Sign up to take part
Registered users can ask their own questions, contribute to discussions, and be part of the Community!
Added on July 7, 2023 3:24AM
Likes: 0
Replies: 4
This dataset is pulled from internal stats commits which is produced by Dataiku. But I'm finding it hard to understand the last 5 columns it produced. Does anyone know what they mean or link me to reference that I can use?
Operating system used: Linux
I think you have misunderstood this functionality. It's not meant to track data rows inserts, deletes, etc but metadata changes (definition changes done to your flow objects). Have a look at the Version Control menu in your project and you will be able to see the changes and review how they are persisted.
The last 5 columns show you the changes the user has done in the commit. Most of the Dataiku objects in GUI are stored as XML or JSON files so these columns are indicating if new objects have been added or changed.
Some of the columns are pretty straightforward, for example
added files: adding files into the project
removed files: files that were removed from the project
changed files: if any of the existing files in the project has been changed (might be wrong on this one)
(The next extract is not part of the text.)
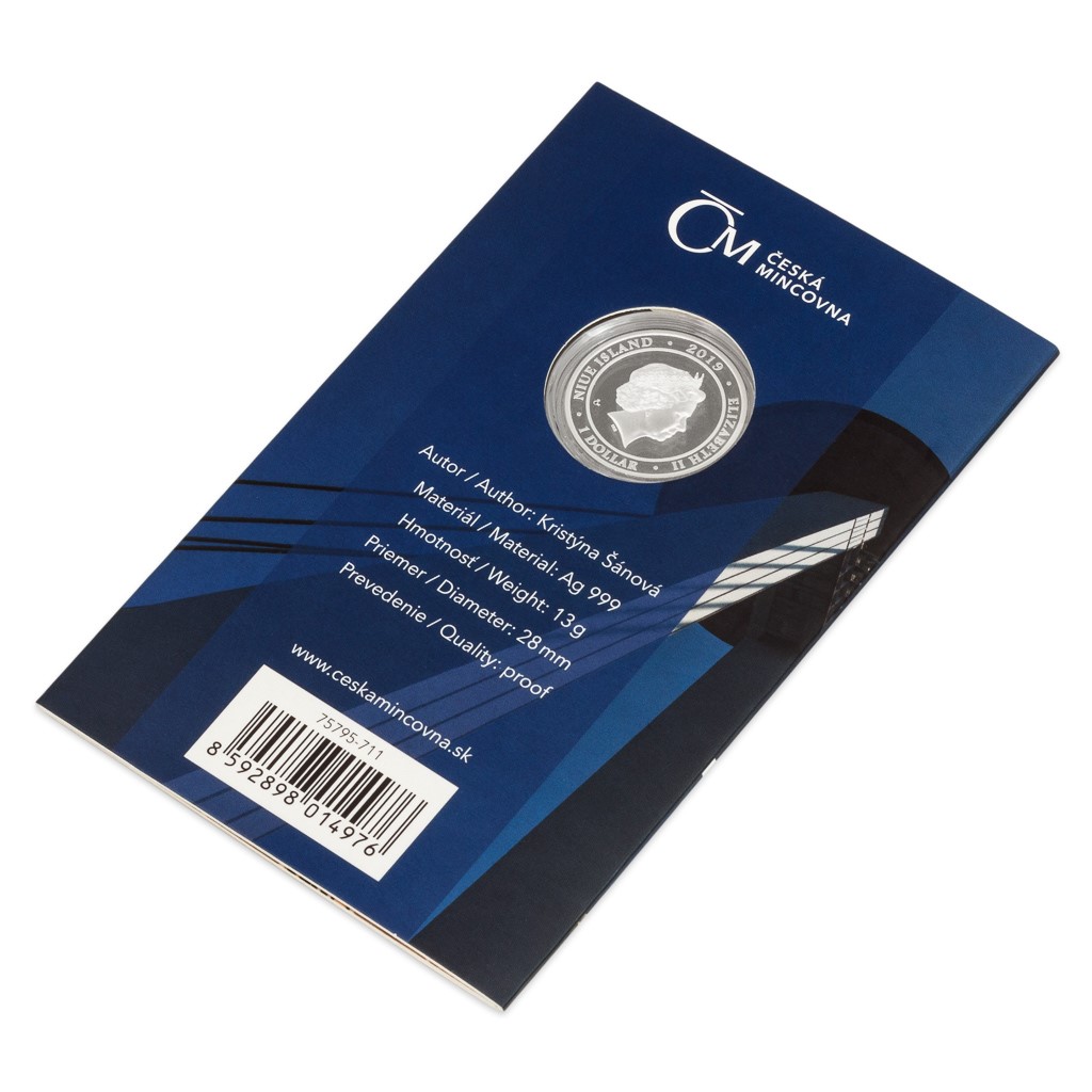 Kristýna Šánová, předkládá pohled na Most SNP z hladiny řeky doplněný opisem UFO BRATISLAVA. Protože mince České mincovny vycházejí v licenci zahraničního emitenta, kterým je ostrov Niue, averzní strana nese jeho nezbytné atributy – nominální hodnotu 1 DOLLAR (NZD), jméno a portrét královny Alžběty II. a rok emise 2019.

But what I don't understand is the other two, namely added lines and removed lines. I uploaded a dataset that only contains 4 rows of data and only changed the column names. However, if you noticed on the added lines column in the picture, you can see that the it says 343 added lines were made. This is the part that I have trouble on understanding. I don't fully understand why it said 343 lines were added whereas I've only changed the column names.
Would be glad if anyone can help to clarify on this.
Thank you! The answer I was just looking for. I didn't know about the version control.